More importantly, we'd like the sequencing instruments to report those values for us to recalibrate. Currently, only Pacbio does so.
As Carneiro mentioned, the reason why we haven't really pushed for changes to the BAM spec is because we haven't been excited by the prospect of adding 2 more strings of quality scores to every read. The improvement in indel accuracy was overshadowed by the ballooning of the BAM file. We've been developing a new indel error model which supersedes the BQSR and achieves even better accuracy while using much fewer parameters. We are hoping to have it in place by the release of version 2.6
For the curious the new model uses the Cycle covariate from the BQSR and a new covariate which describes tandem repeats. The win is that we no longer use the full space of preceding base context which results in a massive reduction in the parameter space.
I hope that is helpful. Let me know if you have any other questions.

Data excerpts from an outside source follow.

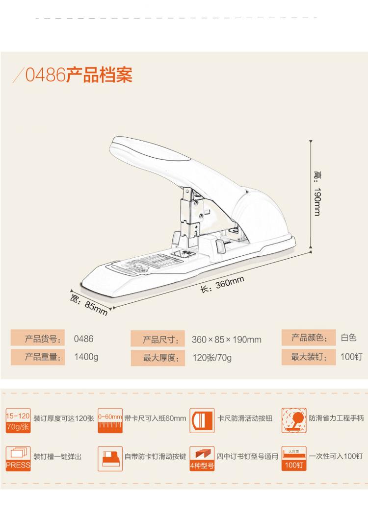 得力訂書機(jī) 0486 重型厚層訂書機(jī)120張(23/6-23/17) 單位:個(gè)
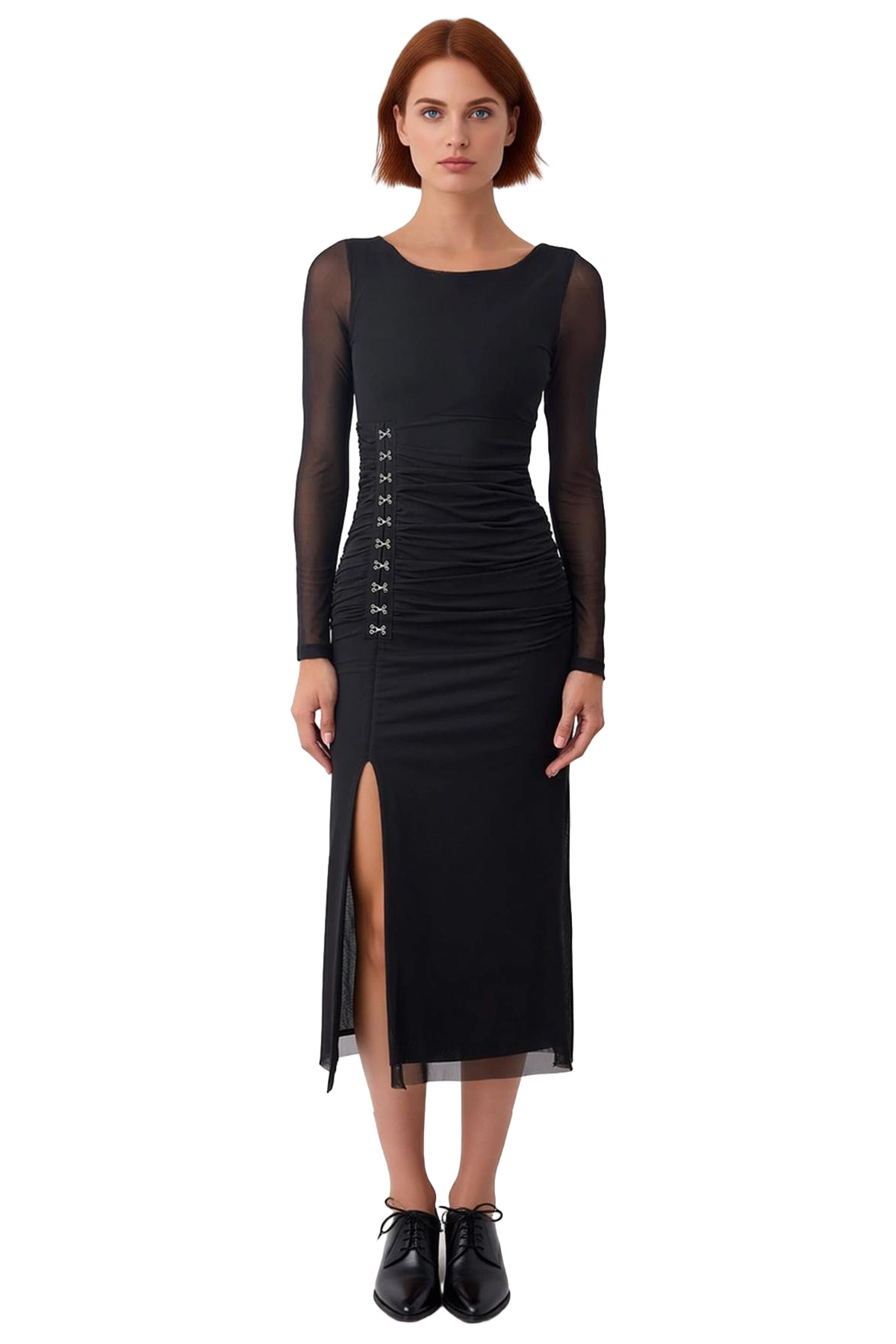 Ürün Özellikleri: Bodycon kalıp, polyester elastan materyal, düz desen, bisiklet yaka, standart kol, örme kumaş, siyah renk, agraflı ürün detayı, maxi boy.
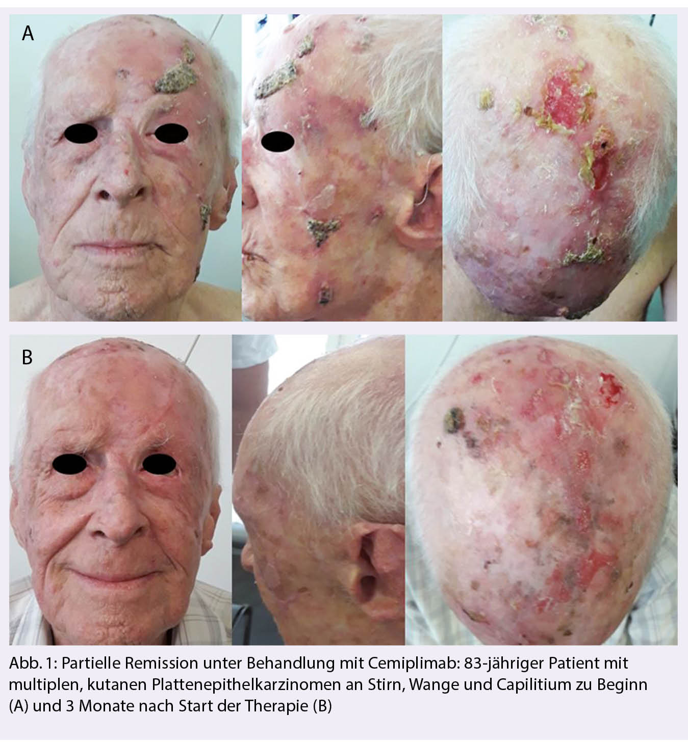 Auf Grund der kausalen Beteiligung der kumulativen UV-Exposition an der Entstehung der PEKs weisen diese, wie bereits eingangs erwähnt, die höchste Mutationsrate unter den verschiedenen Tumorentitäten auf. Unter der Annahme, das für Tumoren mit hohen Mutationsraten, die Wahrscheinlichkeit für die Bildung von Neoantigenen steigt die in der Folge vom Körpereigenen Immunsystem als «fremd» erkannt werden können, sollten die PEKs für die Behandlung mit ICI geradezu prädestiniert sein. Erste klinische Hinweise für die Wirksamkeit von ICIs beim fortgeschrittenen PEK lieferten Fallbeschreibungen zum Einsatz der anti-PD1 Antikörper Pembrolizumab, Nivolumab oder Cemiplimab mit zum Teil langanhaltenden, kompletten Remissionen (> 24 Monate) (10-12). In Abbildung 1 ist der erfreuliche Verlauf eines 83-järigen Patienten mit multiplen PEK unter einer Behandlung mit Cemiplimab dargestellt. Basierend auf diesen vielversprechenden Fallbeschreibungen wurde eine erste prospektive, multizentrische Phase 1/2 Studie mit Cemiplimab lanciert (13): 26 Patienten (10 lokal fortgeschrittenes PEK + 16 metastasiert) aus der erweiterten Phase 1, sowie 59 Patienten mit metastasiertem (lymphogen + peripher) PEK erhielten 2-wöchentlich Cemiplimab in einer Dosierung von 3 mg/Kg Körpergewicht intravenös. Die Behandlung wurde in der Phase 1 bis maximal 48 Wochen in Phase 2 bis insgesamt 96 Wochen fortgeführt. Für 13 der 26 Patienten (50%) aus der Phase 1 und 28 der 59 Patienten (47%) aus der Phase 2 konnte unter der Behandlung ein objektives Ansprechen mit kompletten Remissionen für vier metastatische Patienten erzielt werden. Ein weiterer Zugewinn für einen Teil der Patienten war neben den hohen Ansprechraten auch die Dauer des Ansprechens von mindestens 6 Monaten in mehr als der Hälfte (57%) der «Responder». Als häufigste Nebenwirkungen traten die für eine ICI-Behandlung typischen Symptome wie Durchfall (27%, Müdigkeit (24%), Übelkeit (17%) und Hautauschlag (15%) auf. In den 12-Monats Verlaufsdaten der Kohorte für metastasierte PEK bestätigte sich die hohe Ansprechrate von rund 50% mit einer Dauer des Ansprechens von mehr als 12 Monaten für 75% der «Responder», das mediane Progressionsfreie Überleben betrug 18.4 Monate. (14).

The reason I ask is that I'm currently researching the purity filtering and recalibration we do here at the Sanger. It uses the tagged spiked in PhiX to recalibrate the quality scores, and I was thinking about whether it would be worth it how hard it would be to extend it to implement BD and BI scores. I'm also trying to figure out how it interacts with BQSR and trying to figure out whether it's a good or bad thing to do both. Also it looks like a new version of the SAM spec might be tagged in response to the abilities of the new BWA algorithm.
@rpoplin is going to get in touch with you to discuss this topic in more detail. We are still treating this as a research topic and we have other approaches that are being evaluated before we set on the standard of having 3 strings of base qualities.
Could you please advise in GATK v3.4, does the UG and HC still uses BI and BD tags? Any other possible downstream applications would need BD and BI? If these tags are not used downstream anymore, can be stripped to save some space.
The BD and BI tags are the indel base qualities added by BQSR. They are still used by GATK, so you should not get rid of them.